I am trying to model a 2-level problem using -xtmixed-, but cannot find
the right way to do this from the manual.
Here's the problem: I'm studying hospital resource use for patients
cared for by a group of doctors (call the resource/dependent variable
COST). I have a number of characteristics of the patients that relate
to COST (e.g. age, severity of illness, etc). --->
What I REALLY want to know is the magnitude of the differences among the
physicians. So, for example, an ANOVA (followed by -predict- or
-adjust-) that includes the patient-level indep variables and a
categorical variable representing the different doctors (call it DOCNUM)
shows me (by looking at the coefficient and significance for DOCNUM)
that there are substantial differences among the doctors in COST. OK so
far --->
But now I want to look deeper and evaluate the influence of
characteristics of the doctors themselves (e.g. their years in practice,
board certification status, etc) on COST, i.e. having the information
from the ANOVA I now want to see how much of the differences between the
doctors in COST is "mediated by" these characteristics of the doctors
themselves. Clearly just putting these doctor-level variables into the
ANOVA as if they were patient-level variables is incorrect (as discussed
in many places, e.g. Snijkers & Bosker's book "Multilevel Analysis").
So, I'm trying to figure out how to code the syntax of -xtmixed- to do
this task. Unfortunately, in the Stata 9 XT manual there are no
examples given under -xtmixed- for how to correctly include variables
which are only relevant at the higher level --- by contrast in HLM I
believe you do this explicitly. I do not believe (but am not certain of
this) it is correct to just put these doctor-level variables into the
fixed-effect equation such as: xtmixed COST patient_age severity
doc1-docN MD_age || DOCNUM: or even
xtmixed COST patient_age severity
doc1-docN MD_age || DOCNUM: MD_age
Part of the reason I think this must be wrong is that in my dataset
each of the doctors has a different age, and thus the N dummy variables
(doc1 to docN) created for the N+1 doctors turns out to be degenerate
with the MD_age variable and the program automatically eliminates one of
them. Since my goal is to see what proportion of the effect of the
physicians can be explained by THEIR characteristics, it seems I must
find a way to keep the physician identifier variables (either doc1-docN
or DOCNUM) in the fixed effects part of this model --- or do I????

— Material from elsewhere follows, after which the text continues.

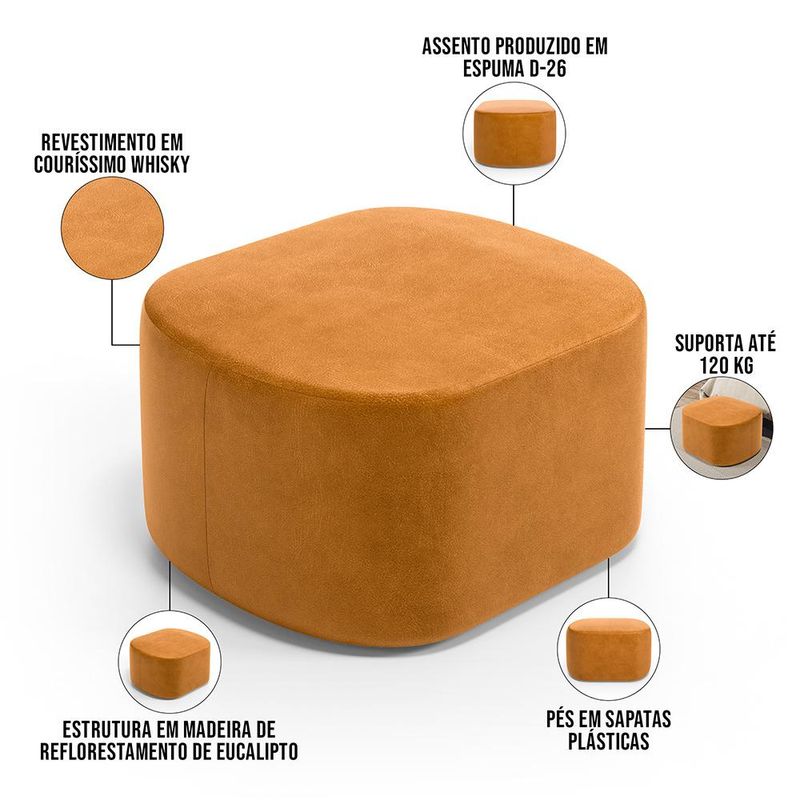 Com um design minimalista, o Puff Decorativo Doha, da Lyam Decor, é sinônimo de modernidade e versatilidade. Com cantos curvos e fluidos, esse puff retangular além de dar um toque de contemporaneidade à decoração, ainda pode ser aproveitado de diversas formas, desde assento extra para a sala de estar à recamier para o quarto, ou ainda como divisor de ambientes para living e outros espaços. Em outras palavras, esse puff orgânico é o complemento perfeito, já que harmoniza facilmente com vários estilos e ambientes, sem contar que oferece conforto e bem-estar. Então, não perca mais tempo e transforme a sua casa com esse puff que transborda beleza e suavidade na medida certa. Adicione agora mesmo ao sei carrinho! Dimensões da Poltrona (L x A x P) 70 x 42 x 60 cm Características: Estrutura em madeira de reflorestamento de eucalipto. Revestimento em Couríssimo na cor Whisky de alta qualidade. Assento com espuma D-26. Peso suportado: Até 120 kg. Pés em sapatas plásticas. - Por se tratar de estofado as medidas podem ter uma pequena variação de até 3 cm. - A tonalidade do produto real poderá ter ligeira variação devido o lote de tecidos. Observações importantes: - Produto para uso residencial em ambiente interno, não devendo ficar exposto diretamente ao sol, calor e umidade excessivos. - Pode haver alguma diferença de tonalidade entre a imagem e o produto real, por conta do tratamento de imagens e a calibração de cores do seu monitor. - As imagens são meramente ilustrativas, não acompanham objetos de decoração e eletrônicos. - Ao receber a mercadoria, o cliente deve verificar as condições da embalagem, caso haja alguma avaria não assine o comprovante de recebimento e entre em contato com nossa loja para orientações. - Montagem, desmontagem e outras instalações serão de responsabilidade do cliente. Não nos responsabilizamos, no ato da entrega, por subir escadas/elevadores ou pelo transporte por guincho em apartamentos. Eventuais despesas são de responsabilidade do comprador. - Confira as dimensões do produto e certifique-se de que passará normalmente por supostos elevadores, portas, escadas e/ou corredores de sua residência. - Para mais informações, acesse nossa Central de Atendimento.

I also don't think it's correct to leave the doctor identifier out of
the fixed effect model (e.g. xtmixed COST patient_age severity ||
DOCNUM: MD_age) because then I don't get coefficients that tell me about
the magnitude of the effects of the physicians as a group, or of their
age on COST.
So, if anyone out there can help me with this syntax problem, I'd really
appreciate it. Also, if you also can tell me how, from the output, I
can tell the proportion of the variation in COST attributable to the
doctors can, in fact, be explained by their characteristics (as included
in the model, e.g. MD_age), I'd appreciate that too.